- Records provided:
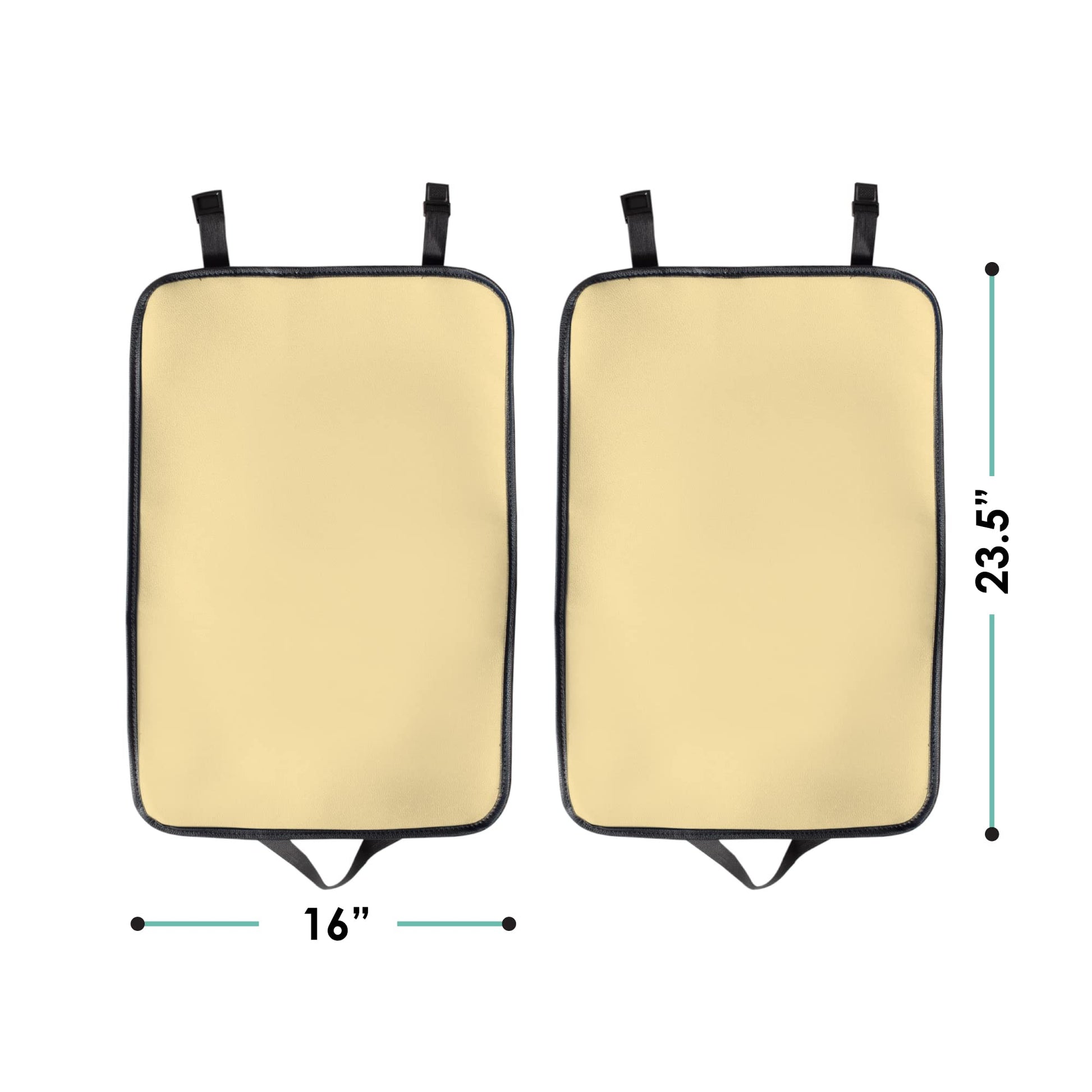 - Q: What are the dimensions of the seat back kick protectors? A: The dimensions of each seat back kick protector are approximately 26 inches in height and 18 inches in width.
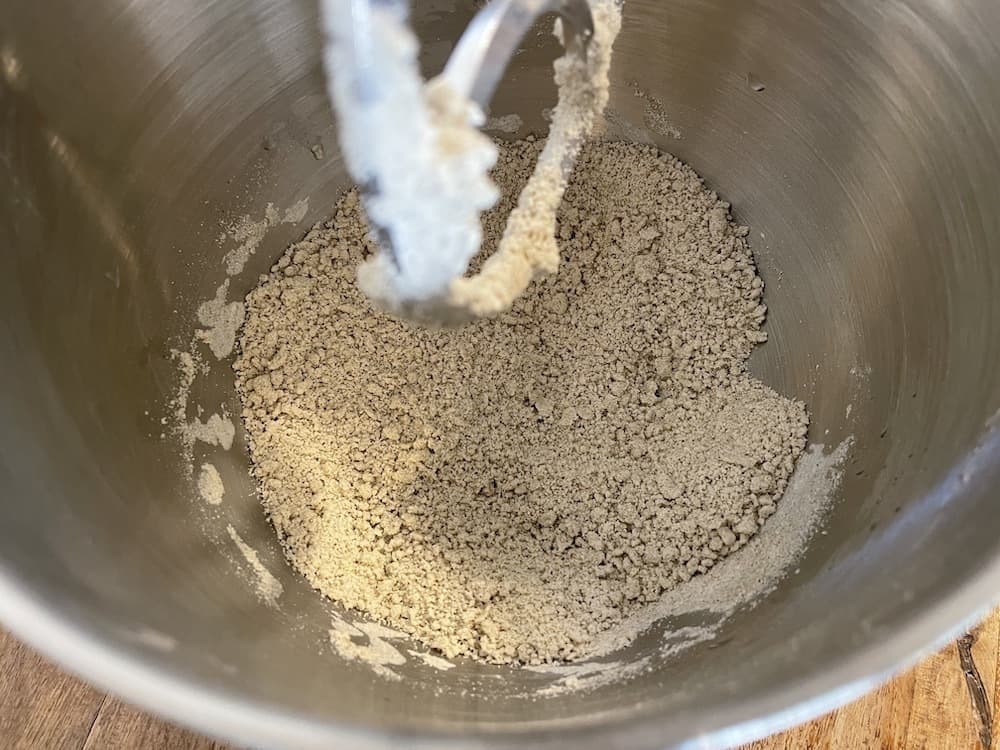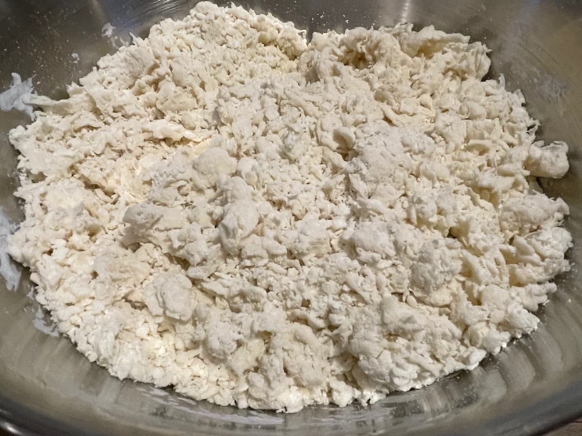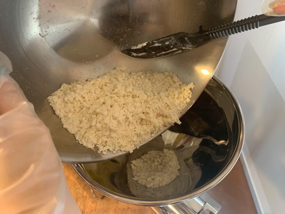 水分を均一に分散させて、ダマを切るように混ぜてください。ダマが小さくなれば水回しは完了です。
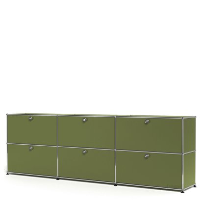 Meuble mixte Sideboard XL USM Haller, personnalisable, Vert olive RAL 6003, Avec 3 portes abattantes, Avec 3 portes coulissantes
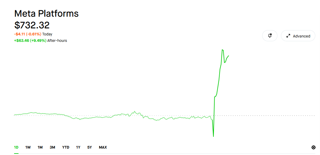 >>61732826Did the anti-american tech baker kill himself after META's earning call?Lmao. Still up 10% AH.
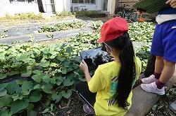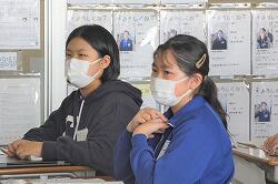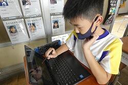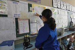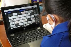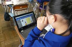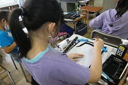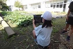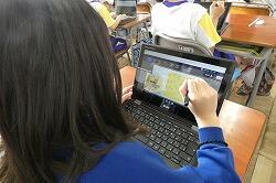 教師が前もって準備した校内の掲示物などの写真をタブレットで見て、漢字を探し、ワークシートに書く活動です。
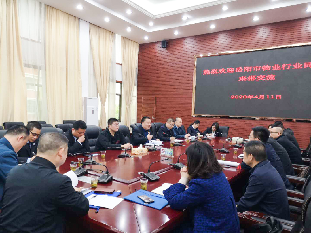 為促進友好協會的溝通,有效解決物業服務過程中涉及的相關問題,2020年4月11日上午,岳陽市物業服務行業協會來郴州物協開展物業管理工作交流座談會。參加本次座談會的有:岳陽市物業服務行業協會一行十人、郴州市住房和城鄉建設局物管科曹毅科長、郴州物協秘書長鄧學軍、輪值會長熊琦、黃志華、李海軍及協會部分專家。
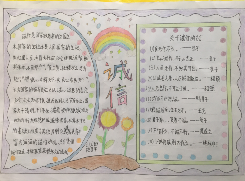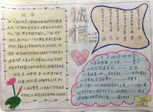 诚信是既诚实又守信,诚实守信是中华民族的传统美德。为引导学生以诚信立身,以诚信律己,2023年五一假期,亚星官网 马冈镇中心小学开展了以诚信教育为主题的手抄报征集活动。
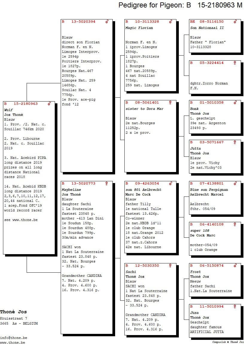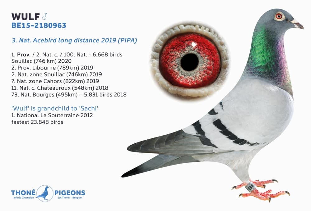 De vader van Wulf is een zoon van Magic Florian  (Norman) x zuster Dora Mar, de moeder is dan weer een dochter Sachi (1 Nat. La Souterraine) die gekoppeld zat aan ‘Son Aelbrecht 801 (Marc de Cock) en die vader is van Tilly 1e Nat. Tulle. Op deze Souillac wordt bovendien de Provinciale overwinning bij de jaarse behaald door Marc Vanonckelen met een kleinkind Sedna. Deze wint 62 Nat. van 7.514 d.
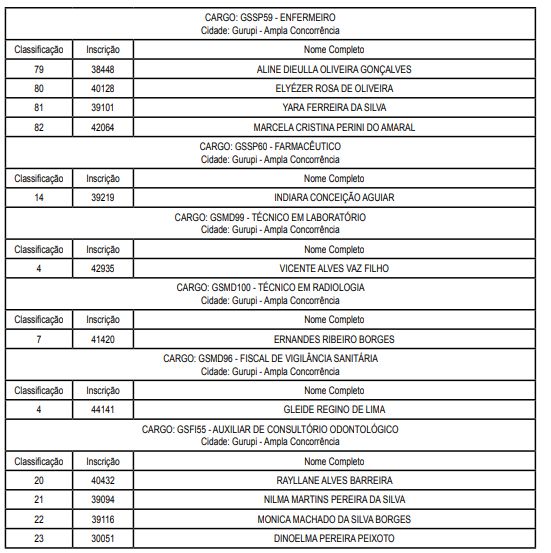 Conforme o Diário Oficial (leia aqui) estão sendo convocados quatro enfermeiros, uma farmacêutica, um técnico em laboratório, técnico em radiologia, fiscal de Vigilância Sanitária e quatro auxiliares de consultórios odontológicos.
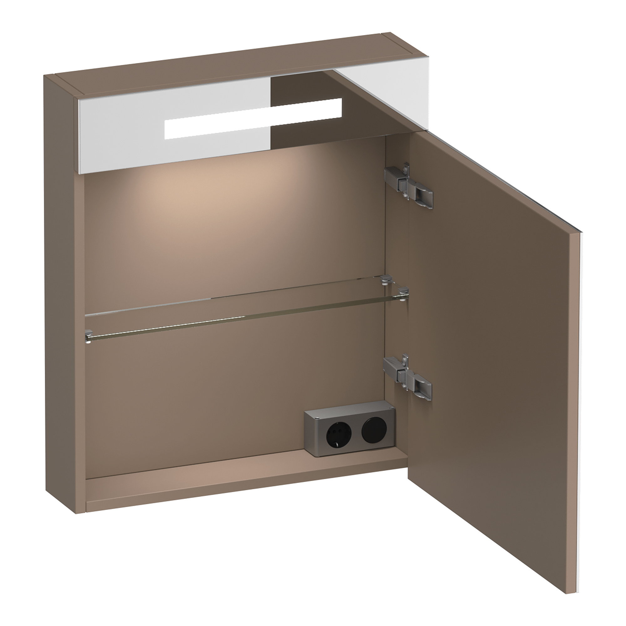 Brauer Promise spiegelkast 59x70cm MDF 1 deur met directe LED verlichting boven - rechtsdraaiend - mat mokka elegant en functioneel
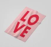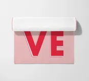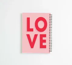 Un design audace e senza tempo che presenta la parola "LOVE" in grandi lettere maiuscole, con ogni lettera dallo stile unico: una piena di rosso vibrante, un'altra con una sfumatura di rosa e oro, una ornata da motivi floreali e l'ultima con un effetto neon luminoso. Lo sfondo è morbido e sognante, con cuori e scintille sottili, che irradiano calore, passione e positività.
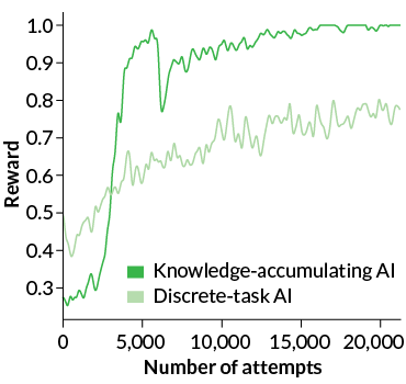 With further training, Xiong and colleagues’ system could master more skills. But this design is limited by the fact that the AI can only learn tasks assigned by the human programmer during training. Humans don’t have this kind of educational cutoff. When people finish school, “it’s not like, ‘Now you’re done learning. You can freeze your brain and go,’ ” Risi says.
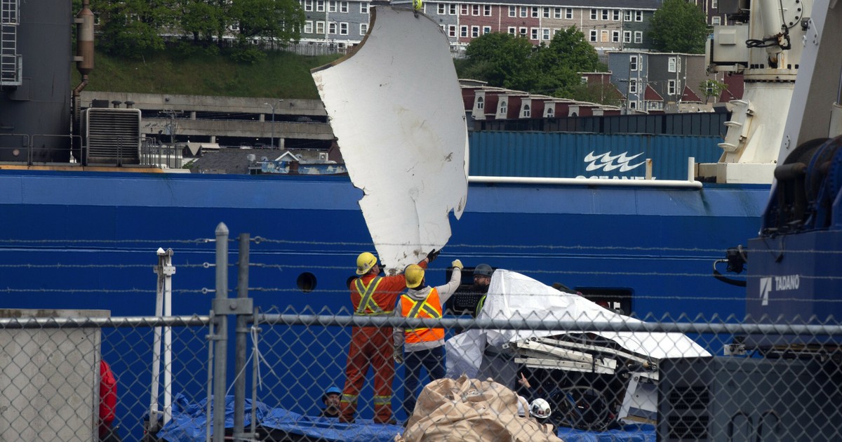 Resturi metalice de la submarinul Titan Marfa sa a fost descărcată de pe nava Horizon Arctic în st. John este în Canada miercuri. Fotografiile prezintă părți metalice ale submarinului acoperite cu prelate.
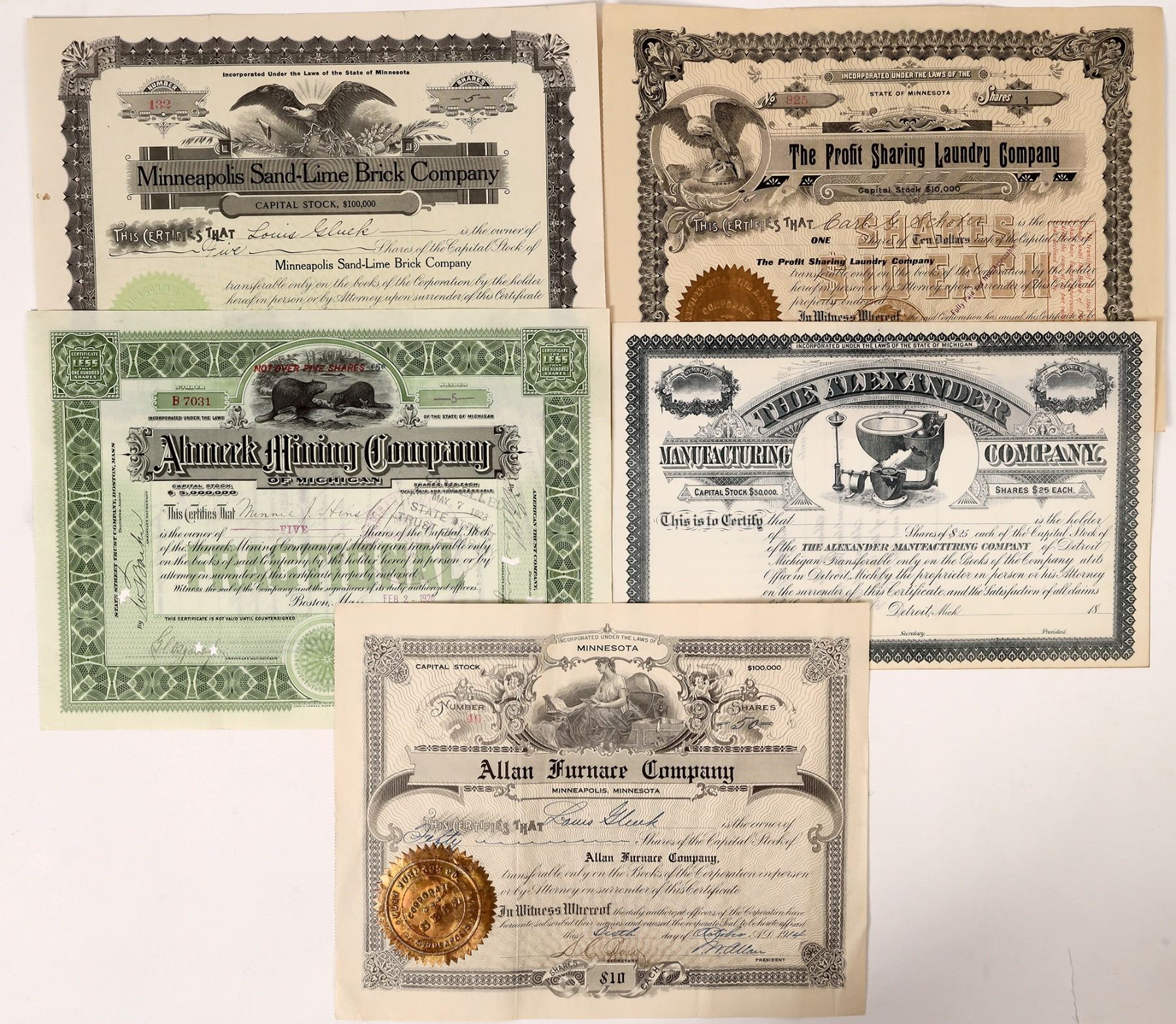 Lot of 5 different. Michigan: Ahmeek Mining Company (1920 with beaver vignette); and Alexander Manufacturing Company (1800s, Detroit, unissued, vignette of machine). Minnesota: Profit Sharing Laundry Company (1904); Minneapolis Sand-Lime Brick Company (1912); and Allan Furnace Company (Minneapolis, 1914).

- Work instructions: From the line holding "水分を均一に分散させて、ダマ" to the line holding "Un design audace", both included, retype the entries above exactly and drop the pictures.

- Solution:
 水分を均一に分散させて、ダマを切るように混ぜてください。ダマが小さくなれば水回しは完了です。
 Meuble mixte Sideboard XL USM Haller, personnalisable, Vert olive RAL 6003, Avec 3 portes abattantes, Avec 3 portes coulissantes
 >>61732826Did the anti-american tech baker kill himself after META's earning call?Lmao. Still up 10% AH.
 教師が前もって準備した校内の掲示物などの写真をタブレットで見て、漢字を探し、ワークシートに書く活動です。
 為促進友好協會的溝通,有效解決物業服務過程中涉及的相關問題,2020年4月11日上午,岳陽市物業服務行業協會來郴州物協開展物業管理工作交流座談會。參加本次座談會的有:岳陽市物業服務行業協會一行十人、郴州市住房和城鄉建設局物管科曹毅科長、郴州物協秘書長鄧學軍、輪值會長熊琦、黃志華、李海軍及協會部分專家。
 诚信是既诚实又守信,诚实守信是中华民族的传统美德。为引导学生以诚信立身,以诚信律己,2023年五一假期,亚星官网 马冈镇中心小学开展了以诚信教育为主题的手抄报征集活动。
 De vader van Wulf is een zoon van Magic Florian  (Norman) x zuster Dora Mar, de moeder is dan weer een dochter Sachi (1 Nat. La Souterraine) die gekoppeld zat aan ‘Son Aelbrecht 801 (Marc de Cock) en die vader is van Tilly 1e Nat. Tulle. Op deze Souillac wordt bovendien de Provinciale overwinning bij de jaarse behaald door Marc Vanonckelen met een kleinkind Sedna. Deze wint 62 Nat. van 7.514 d.
 Conforme o Diário Oficial (leia aqui) estão sendo convocados quatro enfermeiros, uma farmacêutica, um técnico em laboratório, técnico em radiologia, fiscal de Vigilância Sanitária e quatro auxiliares de consultórios odontológicos.
 Brauer Promise spiegelkast 59x70cm MDF 1 deur met directe LED verlichting boven - rechtsdraaiend - mat mokka elegant en functioneel
 Un design audace e senza tempo che presenta la parola "LOVE" in grandi lettere maiuscole, con ogni lettera dallo stile unico: una piena di rosso vibrante, un'altra con una sfumatura di rosa e oro, una ornata da motivi floreali e l'ultima con un effetto neon luminoso. Lo sfondo è morbido e sognante, con cuori e scintille sottili, che irradiano calore, passione e positività.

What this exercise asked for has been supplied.